Ягужинскому при этом вызове блеснула мысль уколоть, как он думал, ловко самого Матвеева напоминанием дела, повлекшего осуждение Шафирова за ссору в Сенате. Недолго думая Павел Иванович и брякнул:

— Хорошо! Предложение о даче жалованья за труды по службе, кажется, неоспоримо правдиво, но что раз вышло, например, когда, по ходатайству брата переводчик Михайло Шафиров попросил дачи жалованья себе у господ Сената?

— Эк ты куда хватил, Павел Иванович! Большой же ты ловчак! — отозвался Шафиров. — Я буду должен сам тебе на это отповедь дать. Брату следовало жалованье, бесспорно, но Скорняков под сукно запрятал указ тобою не исполненный, приняв временное прокурорство, норовя нашему общему ворогу. А чтобы я его не уличал, потребовал моего удаления: якобы я тут был причастен к делу, по родству. Я возразил при этом нахальстве резко, каюсь… Подхватил мою резкость Сашка, такой же мастер концы ловить, как и ты, Павел Иваныч, не обидься за подходящее сравненье… Вот и вышло между мною и им безобразие… Не оправдываю свою запальчивость… Но могу одно сказать, что самый случай подобного греха со всяким горячим человеком может случиться, когда докладчик — вор, и турусу подводит, держа в одну руку с председателем… Ради такой лёгкости распрей и следует в совете, о котором теперь мы рассуждаем, не быть председателю постоянному, а выбирать председателя на одно присутствие. И то в самом заседании, прежде чем садиться, шарами разумеется. Докладчиком же быть секретарю, а никак не одному из равноправных членов. Равенство свободных голосов тогда и принесёт всю пользу, от него ожидаемую.

Павел Иванович Ягужинский совсем растерялся при таком полном крушении своих надежд, ради которых он и подбил на совещание. Он опустил голову, и на лице его выступило недовольство в соединении с враждебностью к выбранным было им в союзники. Так что в эту минуту он готов был переменить мысль о том, что тесть его — на поддержке которого основывалось многое — никогда не может сойтись с Меньшиковым, враждуя с ним единственно ради первенства, которого тот, естественно, не уступал и не уступит. В ушах генерал-прокурора ещё болезненно отдавались последние слова Шафирова, когда Толстой нанёс ещё более отважный и неотвратимый удар его самолюбию, резюмируя все выслушанное на совещании.

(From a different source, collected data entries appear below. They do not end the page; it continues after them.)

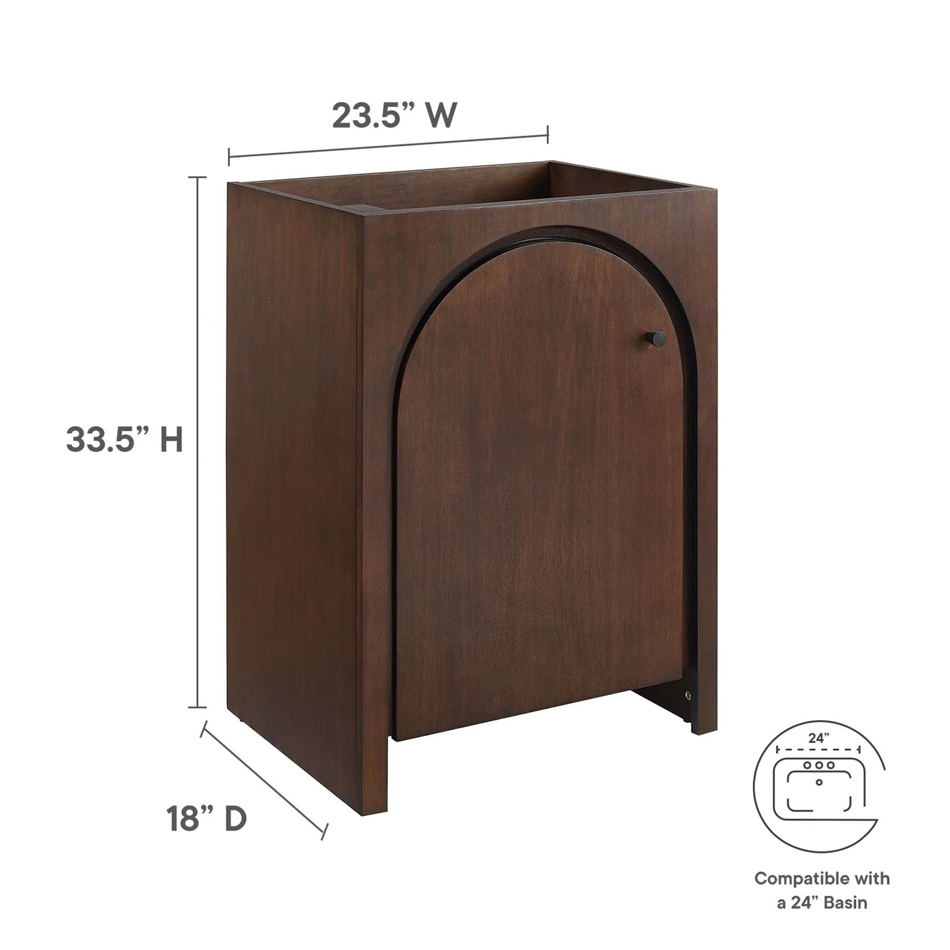 Elevate your bathroom's style with the Appia 24" Bathroom Vanity Cabinet, where retro elegance meets functionality. Expertly crafted from high-quality MDF and adorned with a mango wood veneer, this small space vanity cabinet brings stunning organic aesthetics to your bathroom. Its unique arched door adds beautiful dimension to any primary or guest bathroom. Featuring soft-close hinges, the Appia compact vanity offers a smooth, quiet experience and includes an adjustable shelf with a convenient plumbing cut-out, providing ample storage for all your bathroom essentials. Assembly is straightforward, ensuring you can enjoy this stylish and modern vanity effortlessly. Sink basin and fixtures are not included with this chic and practical bathroom vanity cabinet. Includes adjustable non-marking foot pads to protect flooring. Top Panel Weight Capacity: 200 lbs. Overall Product Dimensions: 18"L x 24"W x 33.5"H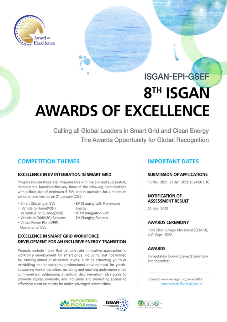 Nominations are now open for the 8th ISGAN Awards of Excellence, sponsored by the International Smart Grid Action Network (ISGAN), in partnership with the Global Smart Energy Federation (GSEF) and the CEM Empowering People Initiative (EPI). The awards will recognize excellence in innovation, integration, and transformation of smart grid systems and policy.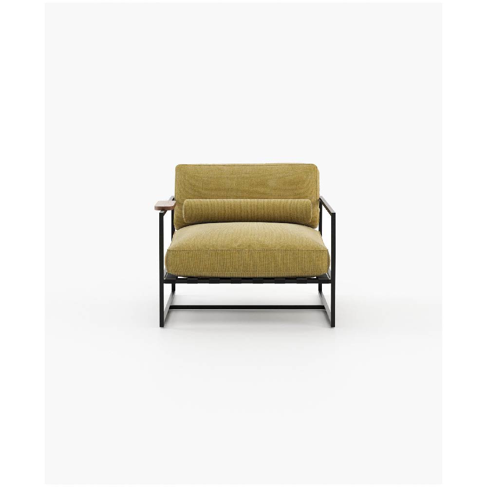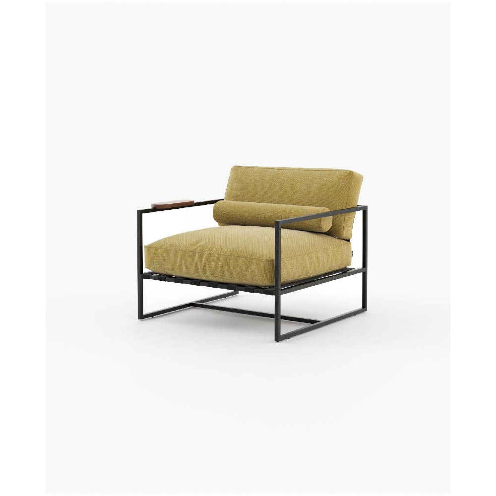 Versatile and stylish, the Badi outdoor armchair can stand alone as a statement piece or be paired with the Badi sofas and poufs to create inviting outdoor comfort zones. With a textured black iron frame and fabric upholstery, this chair promises long-lasting comfort and style that will enhance any outdoor space.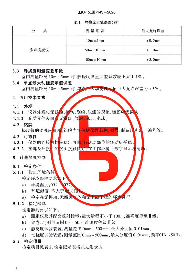 | 桥梁挠度检测仪[JJG(交通)143—2020] | ||
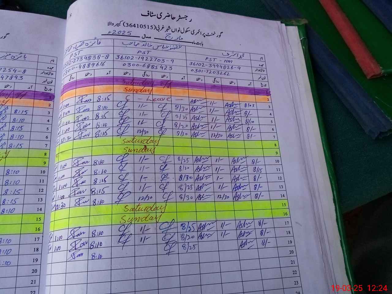 | CNIC | Full Name | Designation | R/C | Absence During Last Calender Month |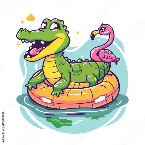Fototapeta premium Cheerful Alligator and Flamingo Enjoying Summer Floatation in Water

— Из этого видно, господа товарищи, — молвил Толстой, — что нам Павла Иваныча нельзя даже прочить и в члены совета, при высказанной им неуверенности в пользе свободных голосов. По его мнению, нельзя даже в совете прийти к решению иначе как с нажимом председателя! А такого обращения с нашими мнениями мы меньше всего желаем. Один граф Гаврило Иваныч будет равный с ним, не перемогая, как единица, ничьего единичного же мнения. А если допустить поддержку его ещё в члене равноправном, два голоса — уже видный перевес! Поэтому двоим разом — зятю и тестю — сидеть в совете мы допустить не можем, без очевидного подрыва права каждого из нас и всех вообще. Пусть своим Сенатом и заправляет Павел Иваныч, а нас не касается.

Ягужинский уже больше и слушать не хотел. Повернулся и стремительно вышел, заставив всех только молча поглядеть вслед уходящему.

Когда Ягужинский скрылся за оборотом стены в коридорчике, граф Матвеев сказал:

— Последними словами своими ты, граф Пётр Андреич, положил в долгий ящик будущий совет. Павел Иваныч примет, понятно, все меры, чтобы его не было.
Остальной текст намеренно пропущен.